He also relied on similar observations by Toohey J. in Bell v Australasian Recyclers (W.A.) Pty. Ltd. (1986) ATPR 47212 at p 47218, who explained that a party to a contract does not engage in misleading or deceptive conduct for the purposes of s.52 "merely because it fails to meet its obligations".

  1. Mr. Bleby's second argument was that the conduct of the respondent that has been challenged could only be classified as a promise to perform "a future act" - that is, to make a loan of money at some date in the future; he argued that the pleadings were deficient in that they failed to allege that his client falsely made the promise or was recklessly indifferent to its ability to perform its promise. In support of that argument, Mr. Bleby relied upon the decision in Bill Acceptance Corporation Ltd. v G.W.A. Ltd. (1983) 50 ALR 242. In that case contravention of s.52 had been pleaded and damages and other relief had been sought under ss.82 and 87. The claim was based upon an allegation that the respondent had failed to pay the applicant a procuration fee that had earlier been fixed by agreement. In deciding that it was appropriate to strike out the statement of claim, Lockhart J. commented:-

"So far as I am able to characterize the allegations in the statement of claim as representations or statements as to future conduct of the respondent, they involve no element of absence of belief by the respondent in the truth of the statements and no element of reckless indifference to their accuracy. They are simply promises by the respondent that it will pay a certain sum of money on a particular event.

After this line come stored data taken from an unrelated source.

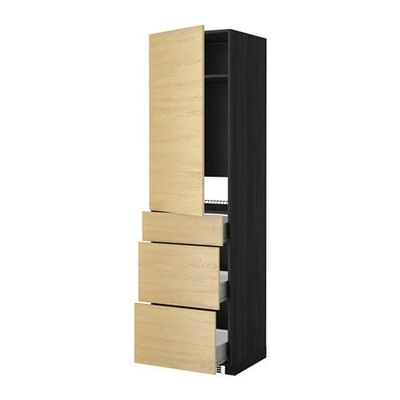 МЕТОД / ФОРВАРА Выс шкаф д/холодильн, с дврц/3 ящ - Тингсрид под березу, под дерево черный
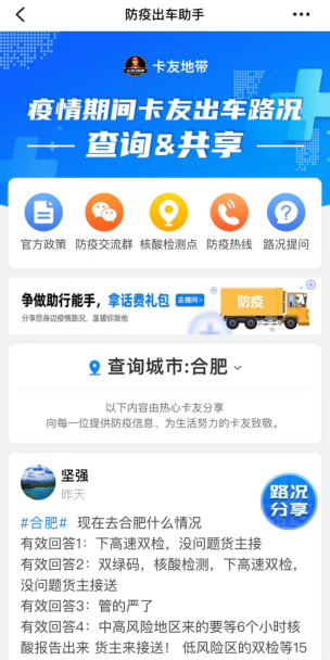 為守護疫情下受困的卡友,作為全國最大的貨車司機職業社區,卡友地帶也在第一時間行動起來。3月,卡友地帶推出針對貨車司機的新冠疫情隔離保障,免費發放新冠疫情隔離津貼保險共計8000余份;4月,卡友地帶開發上線“防疫出車助手”,幫助貨車司機及時掌握疫情動態與實時路況;4月14日,卡友地帶攜手合肥高新區總工會、合肥高新區道路運輸行業工會聯合會,看望慰問滯留合肥的貨車司機,并捐贈愛心物資包1000份……
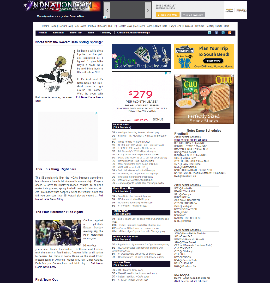 With the Pub and NDHoops running separately, SEE purchased the NDNation.com URL in May of 2000 to bring both sites together while adding a front page of news links, giving Fighting Irish fans a single place to go to get their news about Notre Dame and its sports teams.  Originally modeled off a smaller aggregator site, the structure changed over the years to accommodate the expanding technological capabilities and user palates.
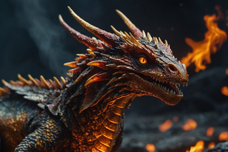 3D rendering of a fantasy dragon with fire flames and hot lava
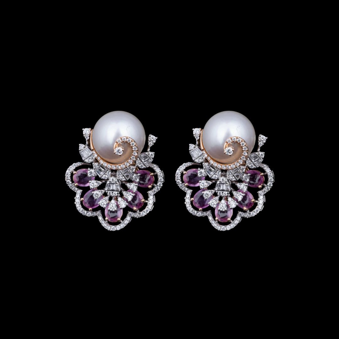 The ER0028 is a luxurious and multi-dimensional design that is sure to impress. The combination of round, baguette, and fancy-cut diamonds, pearls, and color stones creates a visually stunning and captivating piece. The earrings are perfect for special occasions, parties, or everyday wear.

That event occurred, but the money was not paid."(p 249)
  1. Such strength as may have attached to these two arguments were, in my opinion, and contrary to Mr. Bleby's submissions, dissipated by the last-minute amendments that were made to the statement of claim. The applicants had originally pleaded in para. 22 the agreement to make the additional loan, supporting that allegation by particularising a letter from the respondent to Landsal dated 9 September 1986; that letter was said to evidence the agreement. In paras. 23-25 of the statement of claim, as originally filed, there were allegations of conduct on the part of the respondent between 9 September and 18 November which conduct was allegedly misleading or deceptive. It was upon the basis of those pleadings that Mr. Bleby argued, first, that the issue was, at the most, no more than an allegation of a breach of contract and secondly, that s.52 could not apply (notwithstanding the provisions of s.51A) unless it was pleaded, that the respondent either did not have reasonable grounds for making the representation, or that it did not believe in the truth of the representation, or that it was recklessly indifferent to what was stated.

  2. However the amended statement of claim contained the following new allegation in para 25.1 -

"As at the 9th day of September, 1986 the respondent did not intend to advance the additional loan to Landsal or prepare updated mortgage documents."
  1. To aver the absence of the relevant intention (at the time of writing to Landsal the letter which allegedly contained the agreement to make the additional loan) can only mean that the respondent is now faced with the accusation that it did not believe in the truth of the representation that it allegedly made. Whether or not the applicants can prove the lack of intention is not a matter that need be considered at this stage. The allegations that have been advanced by the applicants are to be assessed by assuming that the facts, as pleaded, are accurate.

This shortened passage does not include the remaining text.